• _INPUT DATA_:
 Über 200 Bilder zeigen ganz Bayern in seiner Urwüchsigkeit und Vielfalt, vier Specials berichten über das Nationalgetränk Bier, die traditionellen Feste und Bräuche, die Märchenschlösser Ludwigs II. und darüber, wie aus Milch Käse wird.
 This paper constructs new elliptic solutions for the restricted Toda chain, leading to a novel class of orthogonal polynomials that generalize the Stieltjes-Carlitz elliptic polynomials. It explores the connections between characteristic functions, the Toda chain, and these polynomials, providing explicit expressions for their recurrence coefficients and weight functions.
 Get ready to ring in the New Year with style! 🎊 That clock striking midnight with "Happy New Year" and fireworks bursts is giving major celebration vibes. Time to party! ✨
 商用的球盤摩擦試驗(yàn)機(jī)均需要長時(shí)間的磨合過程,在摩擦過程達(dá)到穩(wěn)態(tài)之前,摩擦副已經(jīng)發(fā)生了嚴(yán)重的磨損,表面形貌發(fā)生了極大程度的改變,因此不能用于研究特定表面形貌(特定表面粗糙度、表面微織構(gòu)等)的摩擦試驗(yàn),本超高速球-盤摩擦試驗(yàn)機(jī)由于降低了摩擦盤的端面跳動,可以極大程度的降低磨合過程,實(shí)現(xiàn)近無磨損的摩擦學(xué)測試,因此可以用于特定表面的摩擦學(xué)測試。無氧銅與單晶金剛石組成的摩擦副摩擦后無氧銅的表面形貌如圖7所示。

• _ACTIVITY_: Only the lines from the one containing "Get ready to" through the end of the listing belong in the response, each reproduced exactly.

• _SOLUTION FOR THIS TASK_:
 Get ready to ring in the New Year with style! 🎊 That clock striking midnight with "Happy New Year" and fireworks bursts is giving major celebration vibes. Time to party! ✨
 商用的球盤摩擦試驗(yàn)機(jī)均需要長時(shí)間的磨合過程,在摩擦過程達(dá)到穩(wěn)態(tài)之前,摩擦副已經(jīng)發(fā)生了嚴(yán)重的磨損,表面形貌發(fā)生了極大程度的改變,因此不能用于研究特定表面形貌(特定表面粗糙度、表面微織構(gòu)等)的摩擦試驗(yàn),本超高速球-盤摩擦試驗(yàn)機(jī)由于降低了摩擦盤的端面跳動,可以極大程度的降低磨合過程,實(shí)現(xiàn)近無磨損的摩擦學(xué)測試,因此可以用于特定表面的摩擦學(xué)測試。無氧銅與單晶金剛石組成的摩擦副摩擦后無氧銅的表面形貌如圖7所示。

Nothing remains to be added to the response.